RECORDS PROVIDED:
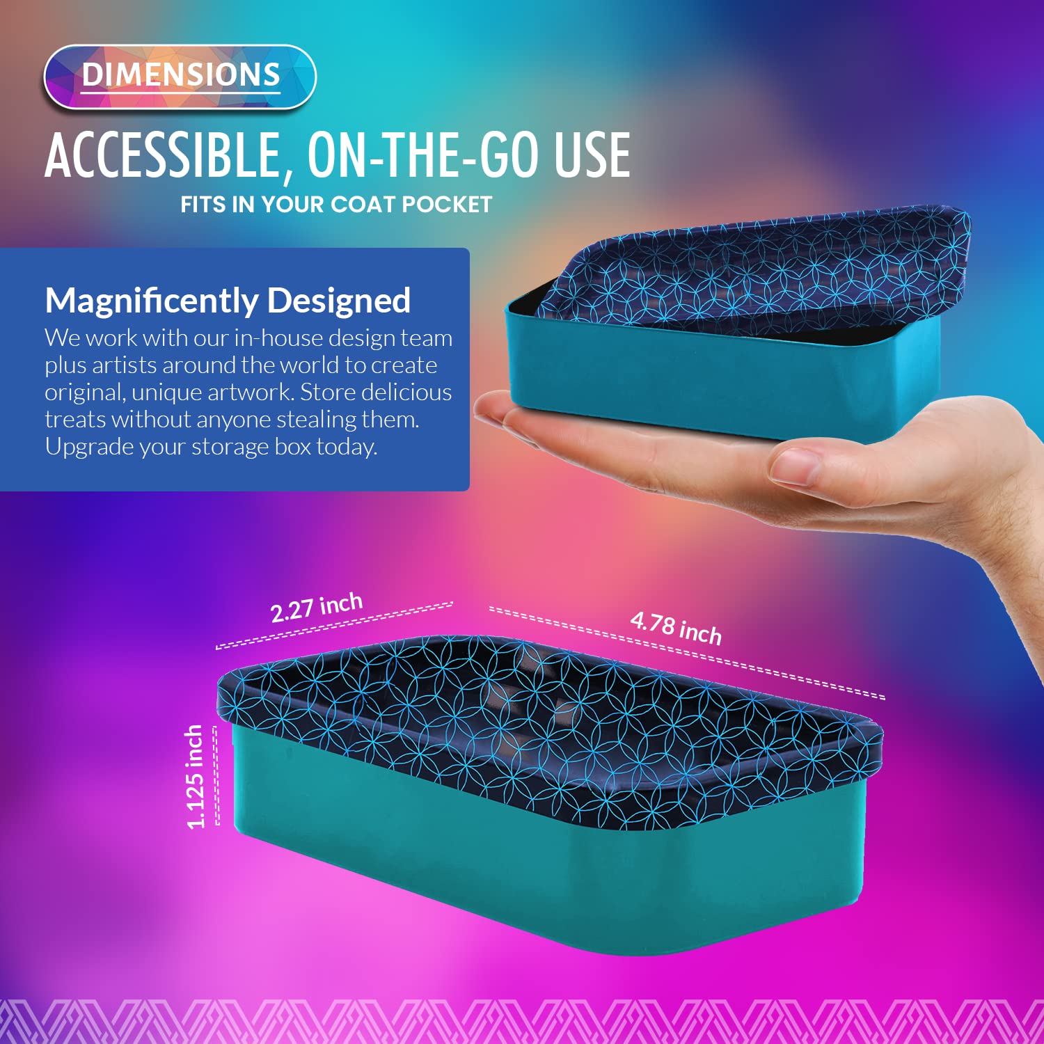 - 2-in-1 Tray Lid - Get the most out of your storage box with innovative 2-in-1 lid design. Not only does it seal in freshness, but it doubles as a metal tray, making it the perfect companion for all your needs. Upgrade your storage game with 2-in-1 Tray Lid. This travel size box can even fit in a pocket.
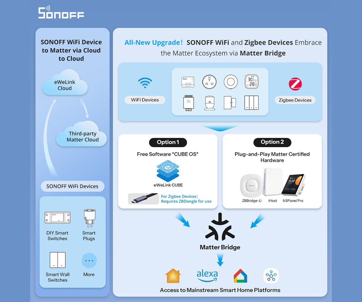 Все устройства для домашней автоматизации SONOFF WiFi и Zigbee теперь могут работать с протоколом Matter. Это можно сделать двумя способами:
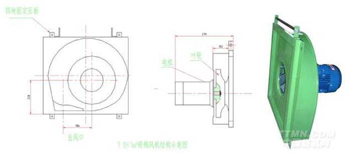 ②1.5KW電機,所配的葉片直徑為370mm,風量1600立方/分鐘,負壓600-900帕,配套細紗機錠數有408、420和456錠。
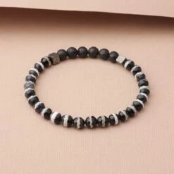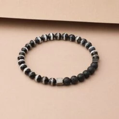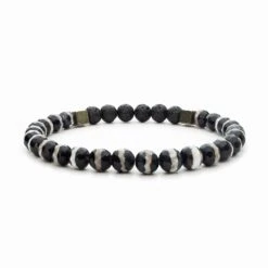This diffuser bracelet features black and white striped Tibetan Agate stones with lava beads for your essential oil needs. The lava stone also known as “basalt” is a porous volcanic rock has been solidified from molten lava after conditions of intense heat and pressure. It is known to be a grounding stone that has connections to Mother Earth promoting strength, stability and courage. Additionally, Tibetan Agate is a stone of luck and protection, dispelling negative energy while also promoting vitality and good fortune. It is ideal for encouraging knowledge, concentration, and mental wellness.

--

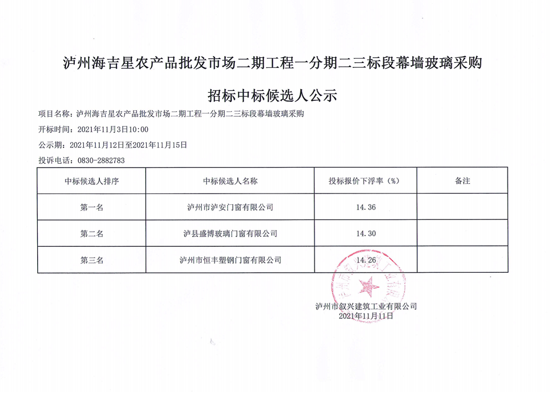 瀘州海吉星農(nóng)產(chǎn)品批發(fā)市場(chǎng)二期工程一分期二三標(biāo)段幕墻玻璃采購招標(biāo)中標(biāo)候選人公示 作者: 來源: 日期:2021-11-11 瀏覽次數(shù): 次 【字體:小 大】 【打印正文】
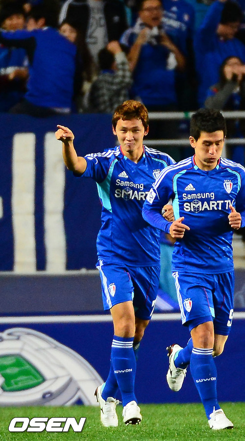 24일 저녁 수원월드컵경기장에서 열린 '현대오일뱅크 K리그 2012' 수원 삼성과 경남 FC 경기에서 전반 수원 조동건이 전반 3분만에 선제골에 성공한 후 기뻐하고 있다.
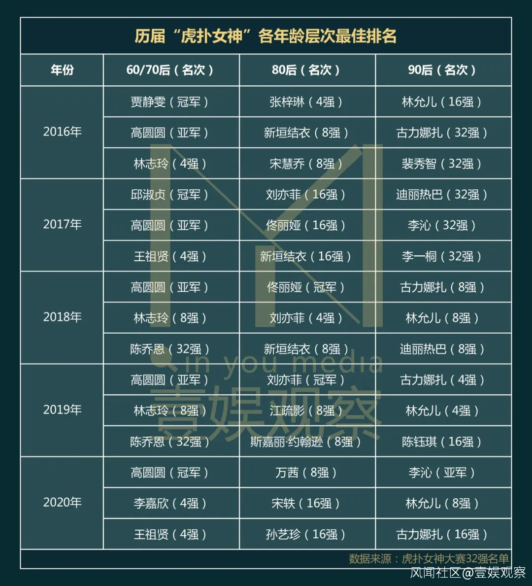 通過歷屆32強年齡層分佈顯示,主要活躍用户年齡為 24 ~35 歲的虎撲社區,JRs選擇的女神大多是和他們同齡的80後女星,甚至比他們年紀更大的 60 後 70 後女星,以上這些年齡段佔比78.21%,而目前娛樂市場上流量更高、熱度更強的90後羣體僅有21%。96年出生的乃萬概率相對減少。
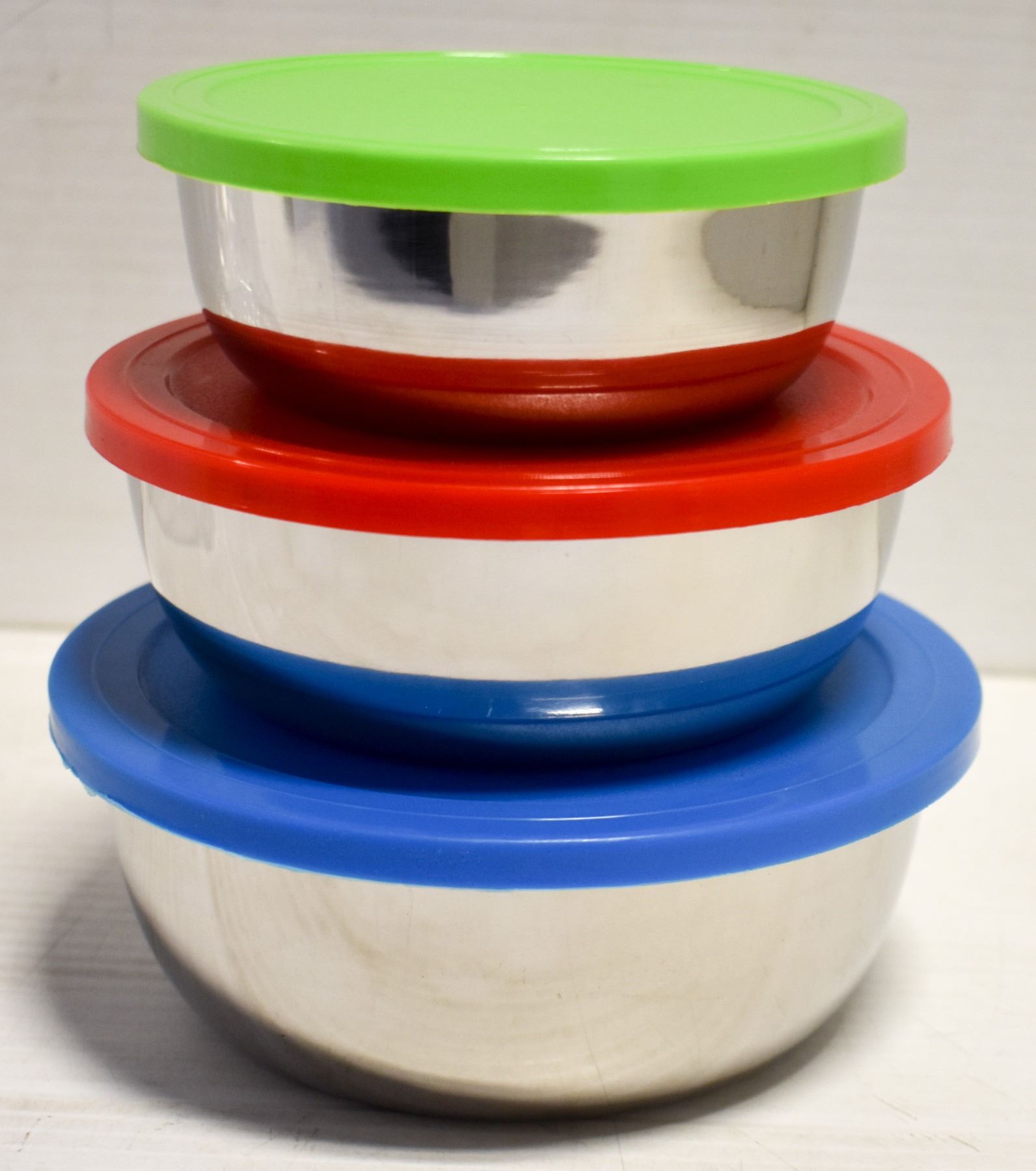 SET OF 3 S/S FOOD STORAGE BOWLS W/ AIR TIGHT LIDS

--

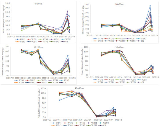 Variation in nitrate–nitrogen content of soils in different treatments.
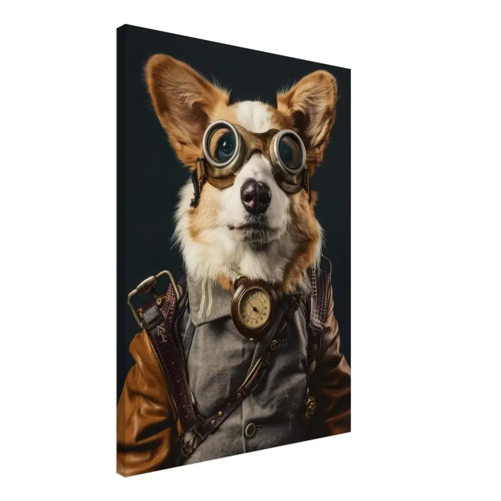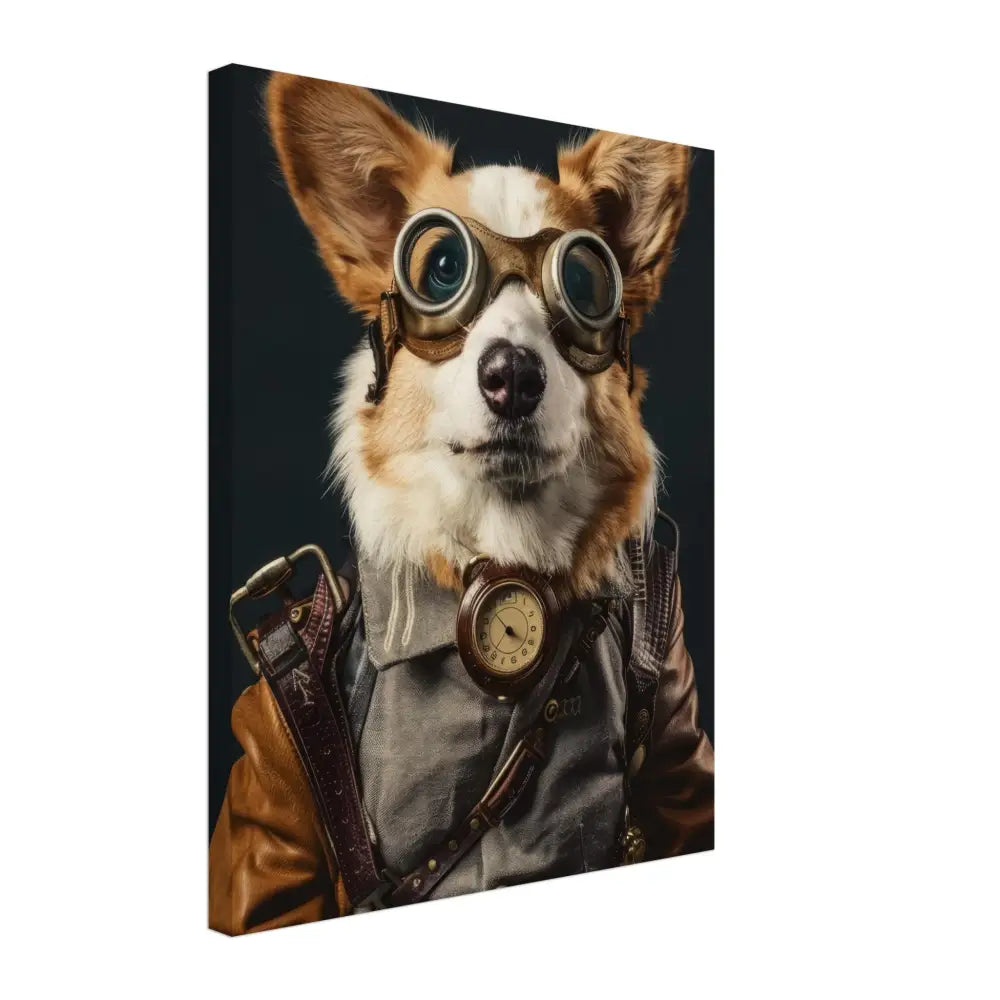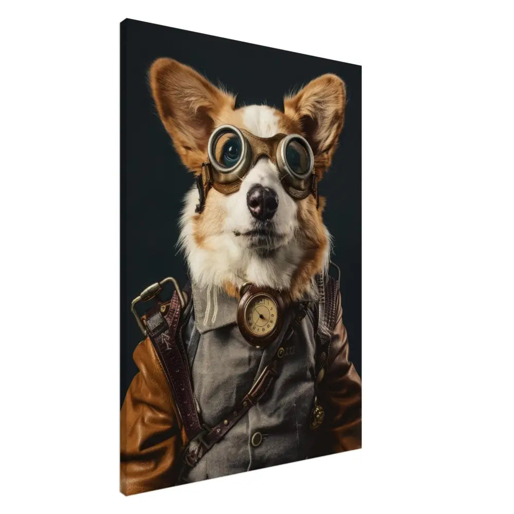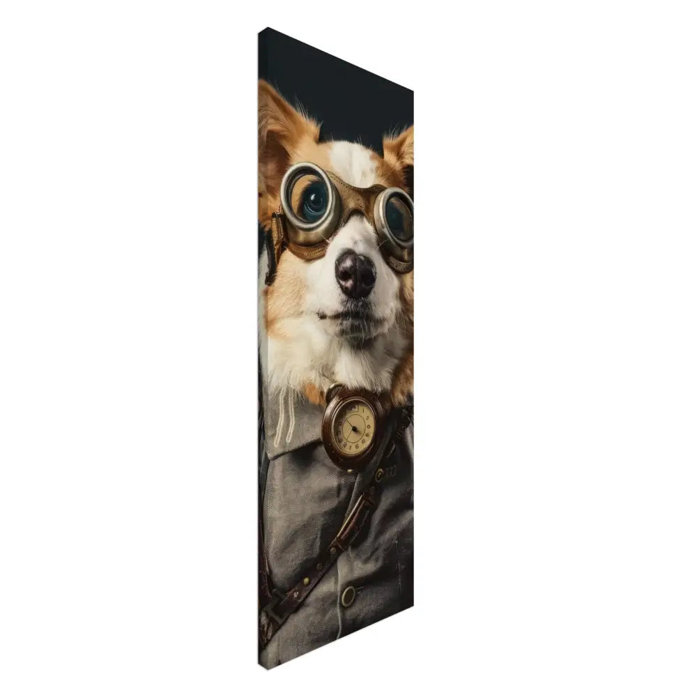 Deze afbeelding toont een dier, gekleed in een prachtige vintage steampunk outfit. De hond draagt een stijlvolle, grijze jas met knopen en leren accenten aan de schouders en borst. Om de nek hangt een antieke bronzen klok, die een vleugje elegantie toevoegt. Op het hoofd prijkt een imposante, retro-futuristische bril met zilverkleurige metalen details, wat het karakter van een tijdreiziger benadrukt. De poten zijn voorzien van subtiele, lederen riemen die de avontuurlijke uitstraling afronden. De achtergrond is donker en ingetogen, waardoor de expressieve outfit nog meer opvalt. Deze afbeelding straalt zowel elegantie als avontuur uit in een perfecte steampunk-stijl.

GOAL OF THE EXERCISE: Those lines of the records above that run from the one containing "通過歷屆32強年齡層分佈顯示,主要活躍用户年齡為 24 ~35" through the one containing "SET OF 3 S/S" should be returned exactly, with no pictures among them.

RESULT FOR THIS TASK:
 通過歷屆32強年齡層分佈顯示,主要活躍用户年齡為 24 ~35 歲的虎撲社區,JRs選擇的女神大多是和他們同齡的80後女星,甚至比他們年紀更大的 60 後 70 後女星,以上這些年齡段佔比78.21%,而目前娛樂市場上流量更高、熱度更強的90後羣體僅有21%。96年出生的乃萬概率相對減少。
 SET OF 3 S/S FOOD STORAGE BOWLS W/ AIR TIGHT LIDS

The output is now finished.